Emotional eating appears to be essentially senseless and automatic. You have reached for a bowl of ice cream and polished off half of it before you even know what you are doing. But if you can stop and think for a moment when you're struck with an urge, you give yourself the chance to make a different choice.

·         Is it five minutes you can put off eating? Or just one minute to start with. Don't tell yourself that you can't give in to craving; note, incredibly tempting is the forbidden one. Tell yourself to just wait.

·         Check in on your own while you're waiting. How do you feel? What's happening emotionally? You'll have a better idea of why you did so, even though you end up eating it. This will help you set yourself up next time for a different answer.

Learn to accept your feelings—even the bad ones

Although the central issue may seem to be that you're powerless over food, emotional eating simply stems from feeling powerless over your feelings. You don't feel capable of coping head on with your emotions, so with food, you stop them.

It can be frightening to allow yourself to sense unpleasant emotions. You may be afraid that, like a Pandora's box, you won't be able to shut it once you open the door.
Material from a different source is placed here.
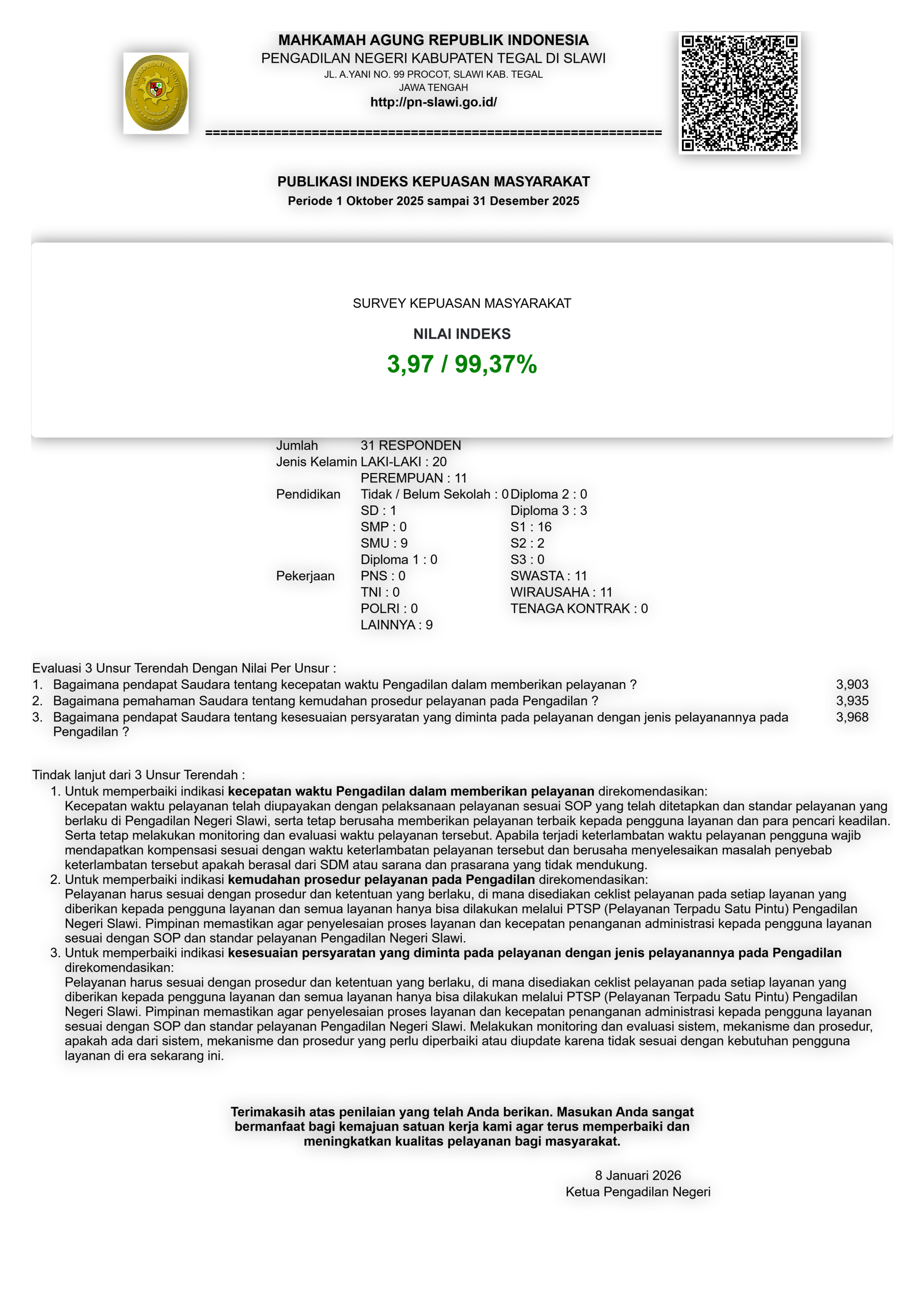 Pengadilan Negeri Slawi memberikan berbagai layanan peradilan yang mudah diakses, transparan, dan berorientasi pada kebutuhan masyarakat, guna mewujudkan keadilan yang cepat dan tepat.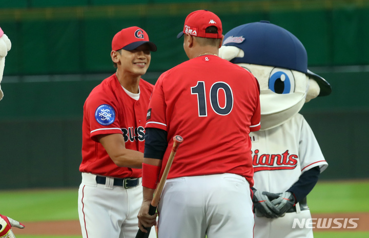 [부산=뉴시스] 하경민 기자 = 가수 비(정지훈)가 13일 부산 동래구 사직야구장에서 열린 롯데와 한화의 경기에 참석, 시구를 한 뒤 시타자로 나선 이대호 선수와 악수하고 있다. 2022.07.13. [email protected]

But the fact is that even the most unpleasant and challenging feelings relatively easily subside and lose their power to dominate our attention when we don't obsess over or block our emotions.

Indulge without overeating by savoring your food

You prefer to do it easily, mindlessly eating food on autopilot when you eat to feed your emotions. You eat so quickly that you miss the various tastes and textures of your meal, as well as the signs that your body is full and not hungry anymore. So you will not only enjoy your food more by slowing down and savoring each bite, but you will also be less likely to overeat.

A significant element of mindful eating is slowing down and savoring your food, the opposite of mindless, emotional eating. Before beginning your meal, try to take a few deep breaths, put your utensils down between bites, and just concentrate on the eating experience. Pay attention to your food's textures, shapes, colors and smells. What does each mouthful taste like? How does your body feel about it?

You'll find you enjoy each bite of food much more by slowing down in this way. You can also indulge in your favorite foods and feel a lot less loaded. It takes time to enter your brain with the body's fullness signal, so taking a few moments to remember how you feel after each bite, hungry or fulfilled, will help you stop overeating.

Support yourself with healthy lifestyle habits

You're better able to navigate the curveballs that life eventually throws your way when you're physically strong, relaxed, and well rested. But any little hiccup has the ability to take you off the rails and straight to the refrigerator when you're already tired and stressed. Without emotional eating, exercise, sleep, and other good lifestyle behaviors can assist you get through tough times.

·         Make exercise a goal everyday. Physical exercise does wonders for your levels of mood and energy, and it's also a strong reducer of stress. And it is easier than you may think to get into the exercise habit.

·         Pursue 8 hours of sleep each night. Your body craves sugary foods that will give you a fast energy boost if you don't get the sleep you need. Having plenty of rest can help with appetite regulation and decrease cravings for food.

·         Allow time for relaxation. Give yourself permission to relax, decompress, and unwind each day for at least 30 minutes. This is your chance to take a break and refresh your battery from your duties.

·         Communicate with others. Don't underestimate the value of social activities and close relationships. It will help shield you from the negative effects of stress by spending time with positive people who enrich your life.